Never have so many Starbucks staffs decided to organize simultaneously, according to the union. | Photo: Shutterstock

The union aiming to organize Starbucks announced Tuesday that employees of 21 cafes had begun the unionization of their stores that morning, the most ever to seek representation on a single day. 

Starbucks Workers United, or SWU, cited the new record as evidence the drive to unionize the chain is accelerating. Yet it comes amid signs the movement may be losing some momentum. 

A majority of each unit's staff petitioned the National Labor Relations Board (NLRB) Tuesday morning to sanction formation of a local SWU branch, according to the union, an affiliate of Workers United. The parent group is in turn funded by Service Employees International Union, the nation’s second largest labor union.

Under new NLRB protocols, Starbucks now has a choice of either voluntarily recognizing the new union chapters or petitioning the NLRB itself with requests that unionizing be put to a staff vote in each store.

Never have so many Starbucks units simultaneously declared their intent to organize, according to the SWU. It indicated that the previous record was 14 stores.

The scale is proof that Starbucks has not squashed the drive to unionize the coffee giant, SWU asserted. Indeed, it contended, the volume of petitions shows the effort is intensifying.

The union has repeatedly accused Starbucks of employing illegal means to thwart the organizing effort. Starbucks has insisted that it has not and will not engage in union busting of any sort.

"While we believe our direct relationship as partners is core to our culture and our continued improvements to the partner experience, we respect the rights of partners to organize and reaffirm our aim to negotiate first contracts for represented stores this year," Starbucks said in a statement provided to Restaurant Business. 
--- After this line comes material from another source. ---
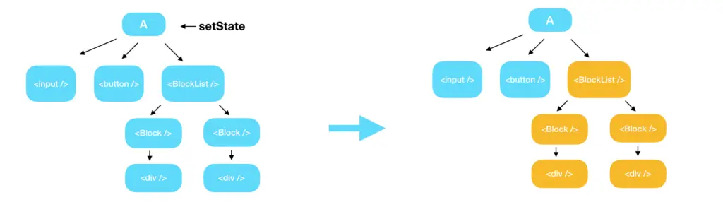 当点击按钮的时候,按钮点击次数从0变为1,我们需要告诉React下面要显示1了,于是,通过setState操作,我们告诉React: 下一个你需要显示的数据是1。然后,React 开始更新组件。对应的Virtual DOM Tree变化如下图所示。黄色表示状态被更新。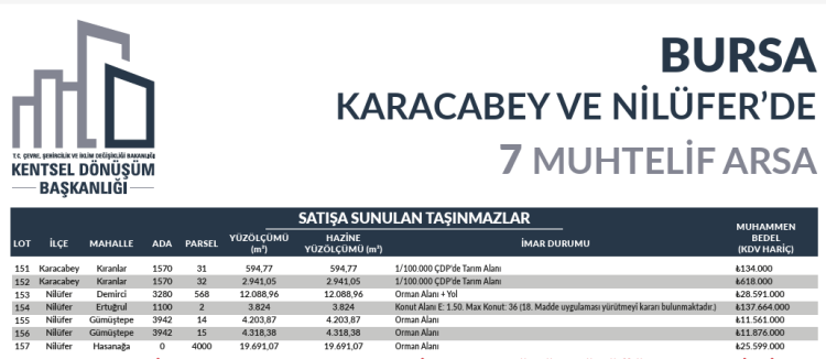 Öte yandan Çevre, Şehircilik ve İklim Değişikliği Bakanlığı Kentsel Dönüşüm Başkanlığı'nın söz konusu araziyi açık artırma ile satmak için ilan verdiği öğrenildi.

Yet the chain has been directed 52 times to correct actions adjudged by federal regulatory officials to be unfair, with 73 complaints still pending before administrative law judges. Fifty-nine dismissed baristas have been reinstated in their jobs as a result of the complaints, the NLRB says.
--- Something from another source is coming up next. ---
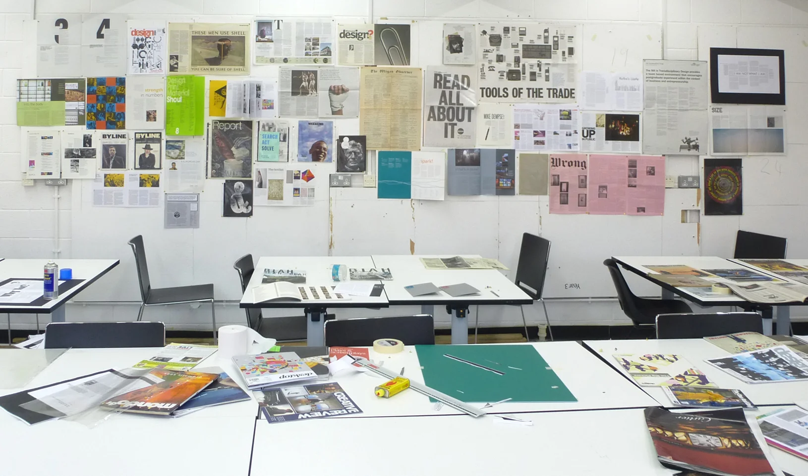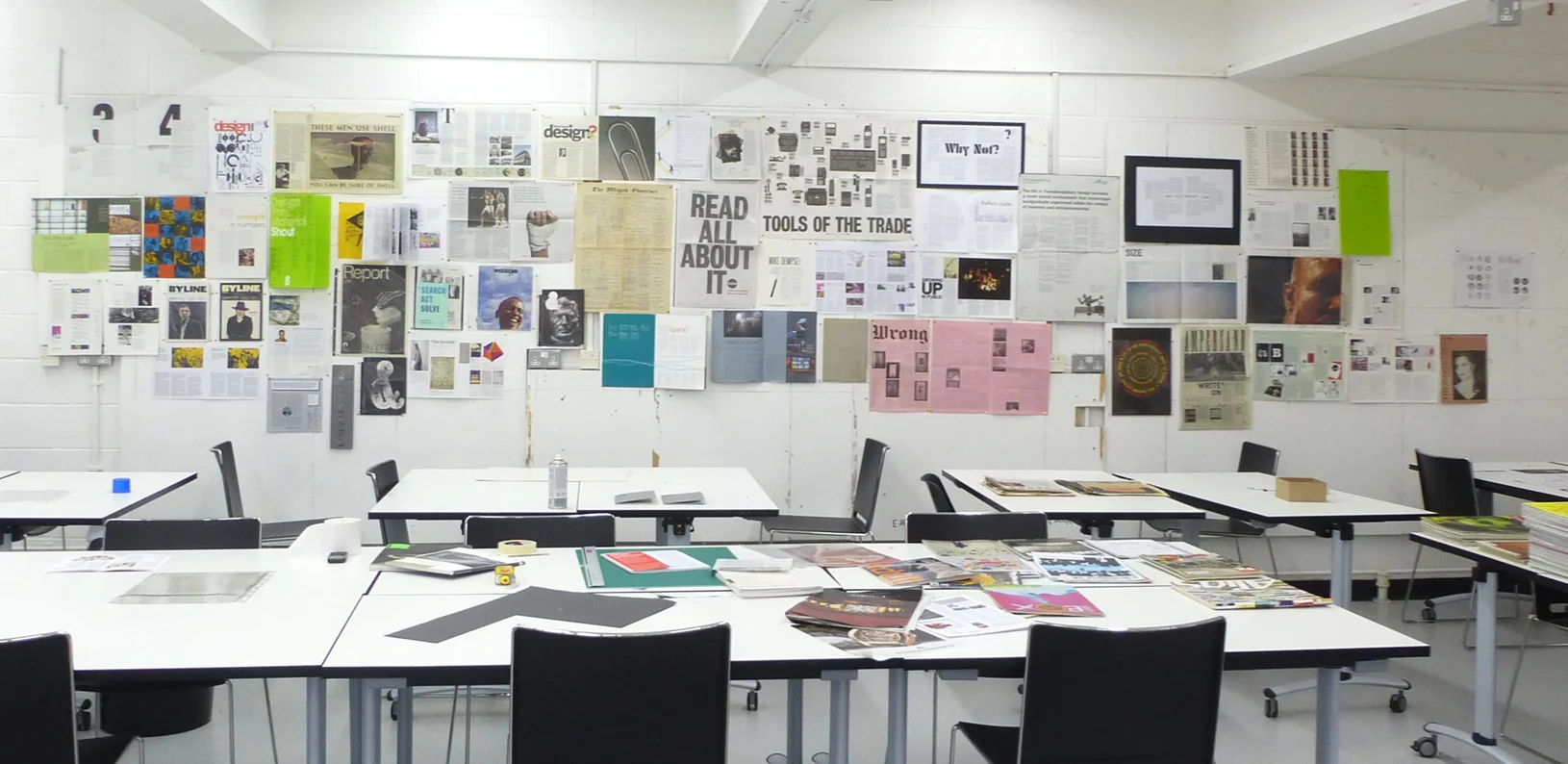 The wall of visual inspiration will remain up for the first week of the project for all our Year 1 students to study closely and use as a 'touchstone' for their page layouts.

According to the SWU, Starbucks CEO Laxman Narasimhan was informed of the mass movement via a letter written and sent by the baristas who hope to unionize their stores. The 21 units employ 400 people in total, the labor group said.

The communication repeats organizers’ usual complaint that Starbucks workers are underpaid, under-scheduled and overworked.

“Partners are not merely your workers but human beings, who have the right to pursue happiness outside of our work,” it states.

"We know a core piece of a positive partner experience is consistent scheduling and predictable hours, and we’ve continued to work to build weekly schedules that reflect our partners’ preferred hours and support expected customer demand," Starbucks noted in its statement. It added that the hours worked per U.S. "partner," as the company calls its employees, have increased by 5% since fiscal 2020, while total hourly compensation has risen 50%. 

The letter to Narasimhan asks the CEO to voluntarily recognize the SWU as the collective bargaining representative for each of the 21 stores.

The addition of those stores would raise the tally of unionized Starbucks outlets to 407, from a standing start of zero in 2021. But the tally has been growing at a slower rate than it did early in the drive.

In addition, staff members from 18 unionized Starbucks units have petitioned the NLRB to schedule store-level votes on whether to retain representation by SWU. Eleven of those requests for what’s called a decertification election have been rejected by the NLRB because of Starbucks’ alleged anti-union activities, and five have been dismissed.

Seventy-three units of the coffee chain have voted in their stores' first elections to remain non-union shops.

Update: Statements from Starbucks have been added to the story.